*How to complete this task*.
Reproduce, exactly and in full, the records that follow, minus any pictures.

*Records to process*.
__________
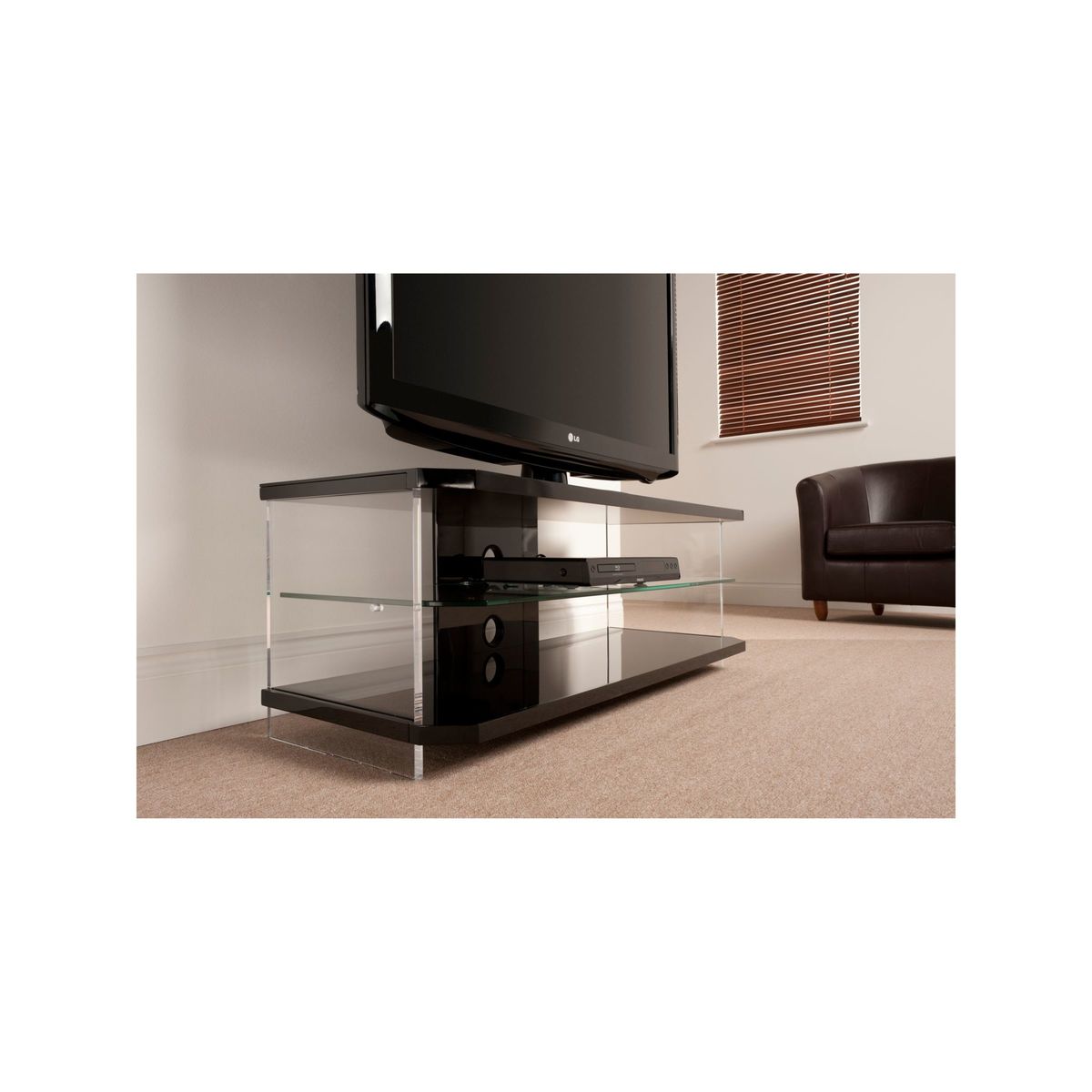 Air is a new approach to the design of A/V furniture to reflect the appearance of the latest slim, light weight screens. The clear side panels give the impression that the black shelves are floating while providing a sturdy housing for all your A/V equipment. Key benefits:Glass Shelves. Cable Management Maximum Screen Weight: 50kg Maximum Screen Size: 55-inch. Please note: Any maximum TV size quoted is a recommendation only and the exact dimensions of the TV's pedestal/feet should be checked to ensure it fits prior to purchase.
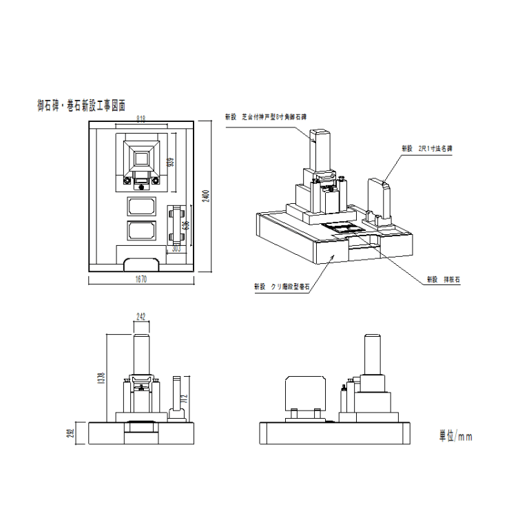 基礎工事 → 巻石工事 → 納骨所工事 → 墓石工事の順に現場作業を進めていきます。同時に彫刻作業も進めていきます。
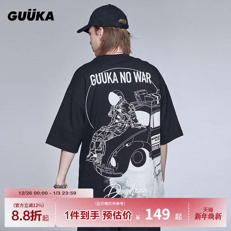 • 泡美丽»»GUUKA潮牌黑色短袖T恤男夏情侣嘻哈后背宇航员印花运动五分袖宽松
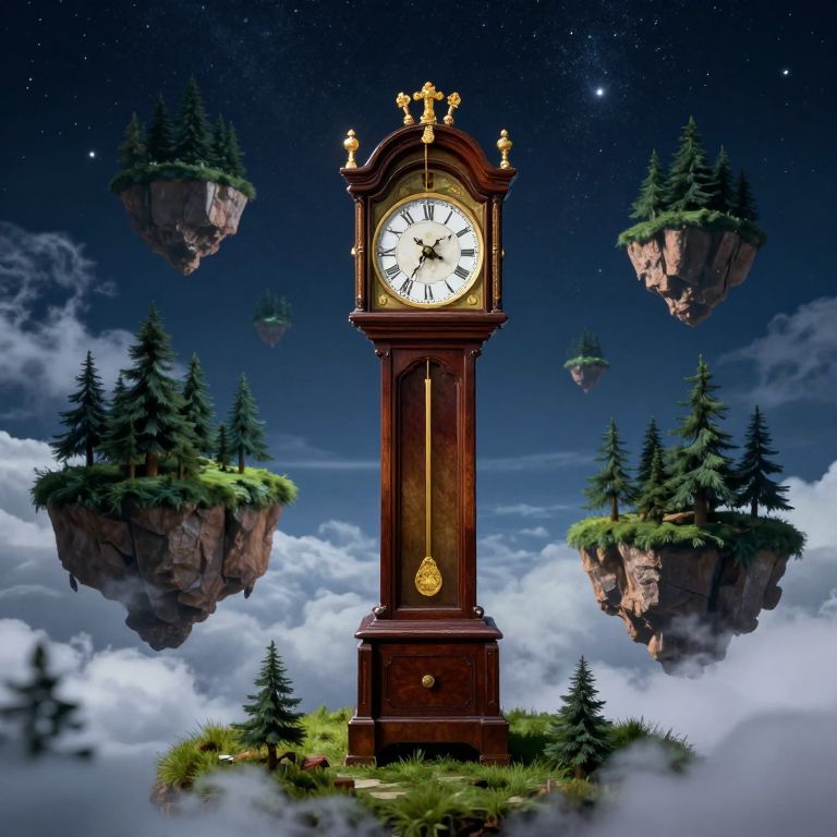 Majestic Grandfather Clock Among Floating Islands
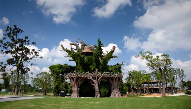 上海世茂精灵之城主题乐园四面环山、风景宜人,游客可徜徉于“天然氧吧”之中,坐拥深坑酒店奇观。
__________
*Answer section*.
 Air is a new approach to the design of A/V furniture to reflect the appearance of the latest slim, light weight screens. The clear side panels give the impression that the black shelves are floating while providing a sturdy housing for all your A/V equipment. Key benefits:Glass Shelves. Cable Management Maximum Screen Weight: 50kg Maximum Screen Size: 55-inch. Please note: Any maximum TV size quoted is a recommendation only and the exact dimensions of the TV's pedestal/feet should be checked to ensure it fits prior to purchase.
 基礎工事 → 巻石工事 → 納骨所工事 → 墓石工事の順に現場作業を進めていきます。同時に彫刻作業も進めていきます。
 • 泡美丽»»GUUKA潮牌黑色短袖T恤男夏情侣嘻哈后背宇航员印花运动五分袖宽松
 Majestic Grandfather Clock Among Floating Islands
 上海世茂精灵之城主题乐园四面环山、风景宜人,游客可徜徉于“天然氧吧”之中,坐拥深坑酒店奇观。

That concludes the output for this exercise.